What were these differences in theory which separated the Bolsheviks from the Mensheviks and other revolutionary groups at this stage? And what had paralysed the local Bolsheviks before Lenin’s arrival? And again, why had the Soviet, after having the power in its hands, made it over to the old-fashioned and conservative Duma? I cannot go into these questions deeply, but we must give them some thought if we are to understand the continually changing drama of Petrograd and Russia in 1917.
Karl Marx’s theory of human change and progress, called the “materialist conception of history”, was based on new social forms taking the place of old forms as these latter became out of date. As the methods of technical production improved, the economic and political organization of society gradually caught up to them. The way this took place was by continual class struggles between the dominant class and the exploited classes. Thus the old feudal class had given place in western Europe to the bourgeo
isie, which now controlled the economic and political structure in England, France, Germany, etc., and which, in its turn, would give place to the working class. In Russia the feudal class was still in command, and the change which had put the bourgeoisie in power in western Europe had not yet taken place. Most Marxists therefore thought that, inevitably, Russia would have to pass through this bourgeois and parliamentary stage before it could proceed to the last stage of the workers’ republic. The middle stage could not be jumped over, according to them.
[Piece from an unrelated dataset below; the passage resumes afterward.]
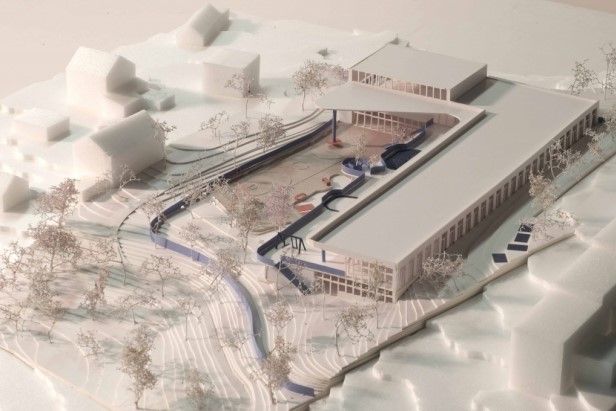« Perçu depuis le site actuel de l’école, le paysage paraît fermé par la topographie et fragmenté par les infrastructures », explique-t-on sur le site de Matador. « Mais, vu d’en haut, le paysage redevient ouvert et lisible. Le regard s’étend jusqu’à l’horizon des collines voisines. On voit la course du soleil. Le premier principe est donc de concevoir l’école comme un long balcon tourné vers le paysage. En contrepartie, un volume contenant les fonctions bruyantes (sport, fête, réfectoire) est implanté parallèlement à l’autoroute pour protéger les espaces de classe et de récréation contre le bruit de cette dernière et des vents importants sur la ligne de crête. »

Lenin himself, prior to the revolution of March 1917, had laid down an intermediate policy of co-operating with the peasants (and not opposing the bourgeoisie) against the Tsar and the landowners, for a bourgeois revolution.
The Bolsheviks and Mensheviks and all believers in Marx’s theories were therefore full of this idea of having a bourgeois democratic republic after the English or French pattern. The leading workers’ representatives also thought this inevitable, and it was because of this that the Soviet, instead of keeping power in its own hands, went and offered it to the Duma. These people, as is so often the case with all of us, had become the slaves of their own doctrines, and could not see that a new situation had arisen, which demanded a different policy or at any rate a different adaptation of the old policy. The masses were far more revolutionary than the leaders. The Mensheviks, who controlled the Soviet, even went so far as to say that the working class should not raise any social question then; their immediate task was to achieve political freedom. The Bolsheviks temporized. The March revolution succeeded in spite of its hesitating and cautious leaders.
With Lenin’s arrival all this was changed. He sensed the position immediately and, with the genius of true leadership, adapted the Marxian programme accordingly. The fight was to be against capitalism itself now for the rule of the working class in co-operation with the poorer peasantry. The three immediate slogans of the Bolsheviks became (1) democratic republic, (2) confiscation of the landed estates, and (3) an eight-hour day for the workers. Immediately, these slogans brought reality into the struggle for the peasantry and workers. It was not a vague and empty ideal for them; it meant life and hope.